Same with Rust crates and std. You still see 80% of cves are memory safety cves.

Notice that this is only in crates. A lot of security vulnerabilities are not shown. Redox OS whatever.

https://bugzilla.mozilla.org/buglist.cgi?bug_id=1513519%2C1683439%2C1690169%2C1690718
https://phabricator.services.mozilla.com/D103999

Things like Linux kernel, a monolithic single address kernel, you need a lot of unsafe. You will still find a lot of cves.


If your argument is that parts of data structures are uninitialized, use-after-free, actually C++ reduces a huge amount of problem too, even you can add checks for preventing oob issues (that is what libstdc++ or C++ standard library is doing). Also unlike Rust, you can change existing C code to make them safer while Rust could only be used in new code.

However, linus torvalds clearly does not like it and reasonable about it. And yes, C++ EH is a huge issue in kernel.

So, Rust must prove it is superior to modern C++. However, Rust still requires a huge amount of runtime afaik, due to the bloat of rustfmt and all sorts of other stuffs. Clearly, using Rust is no better either.

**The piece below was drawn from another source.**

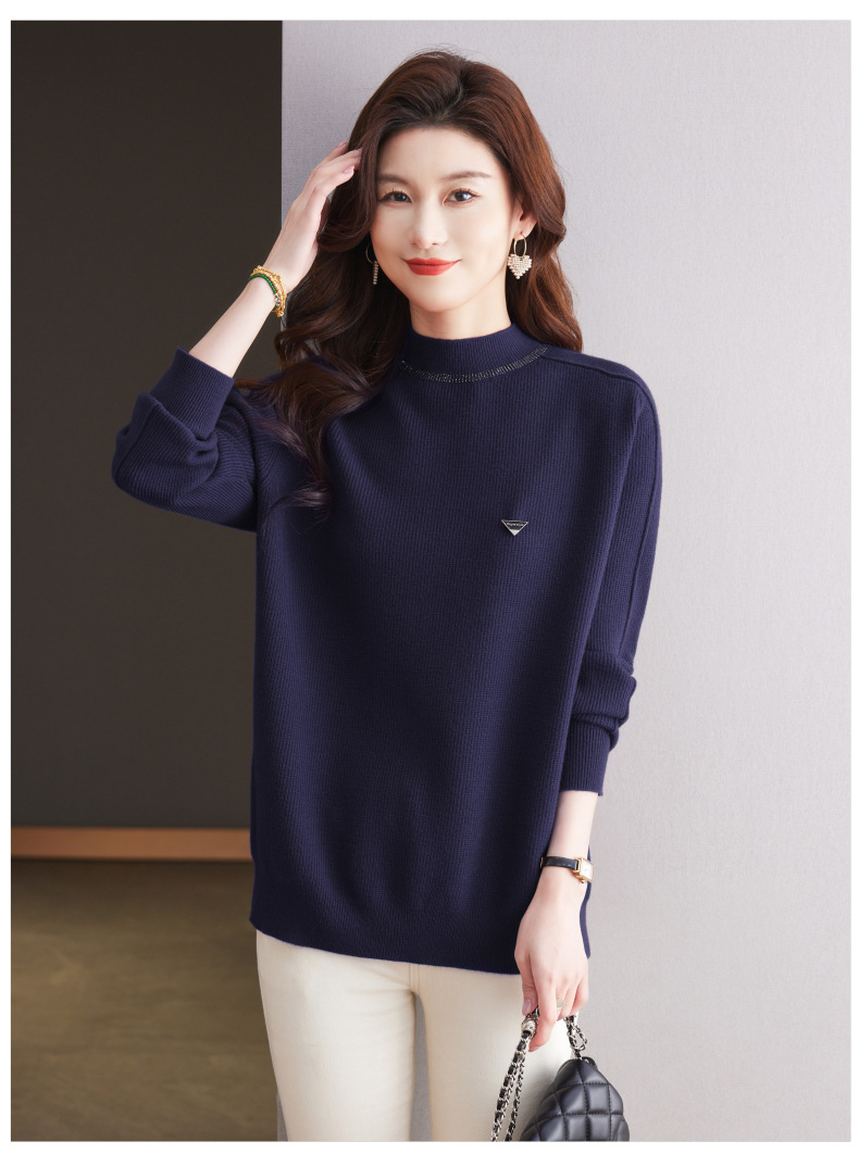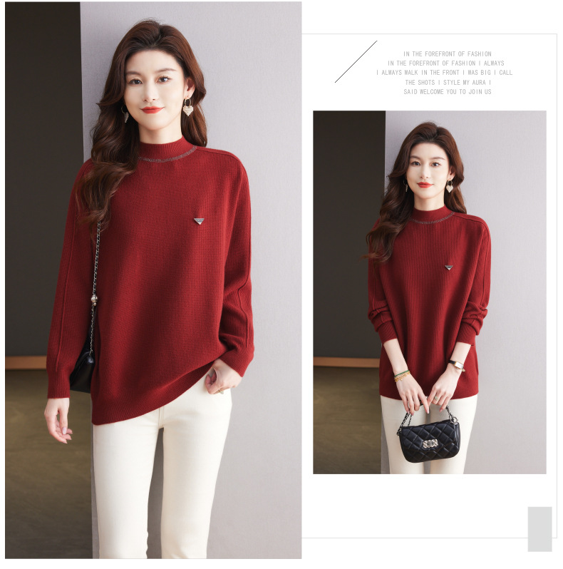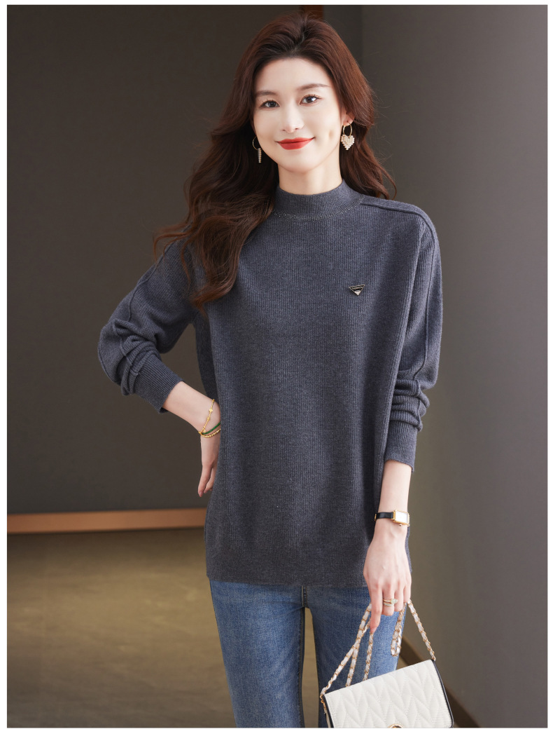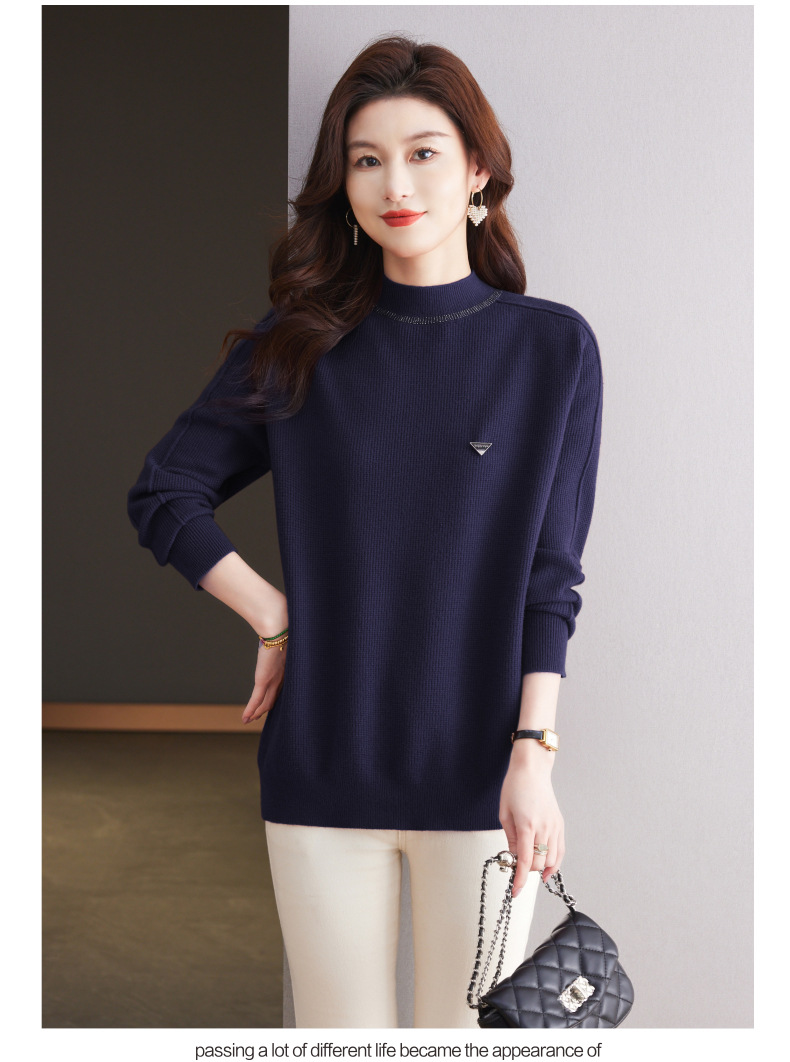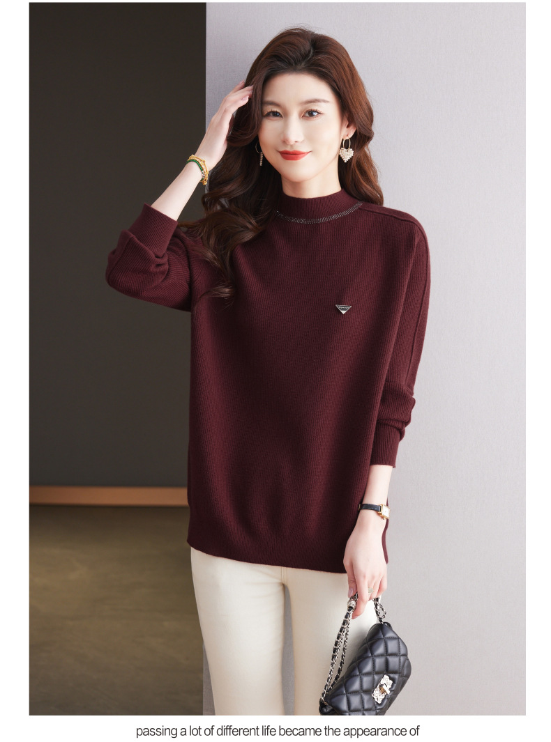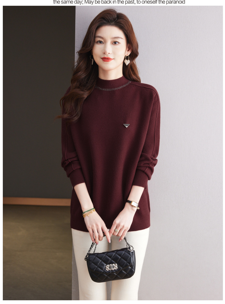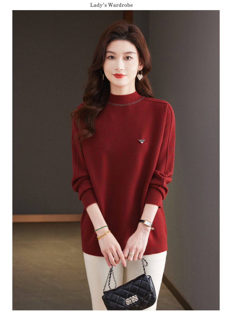 CC-15-2293配大衣的半高领毛衣女中长款秋冬2024新款内搭中款针织打底衫洋气

Also recently I've found the stupidity like this:
https://github.com/Rust-for-Linux/linux/commit/c606d85a0d3c67b8221fee5fa67028bdebd4b0cc#diff-521fe5c9ece1aa1f8b66228171598263574aefc6fa4ba06a61747ec81ee9f5a3


Instead of doing this
void foo()
{
p[1].x().y() = p[2].x().y();
}


Now you have to do this. Who the fuck in rust team though this is a good idea.
///SAFETY: p has 5 elements
///XXXX
///XXXX
unsafe fn foo()
{
(unsafe{p.get_mut_unchecked(1)}.unsafe {x()}.unwrap().unsafe{y()?})? = (unsafe{p.get_mut_unchecked(2)}.unsafe {x()}.unwrap().unsafe{y()?})?;
}

Rust one is completely unreadable, wasting programmers time and probably even leading to slower compilation.


If the goal of Rust team is to make everything painful, why should I waste time to fight against the compiler? Instead of using that time to sanitize and fuzz? What's the benefit of using it?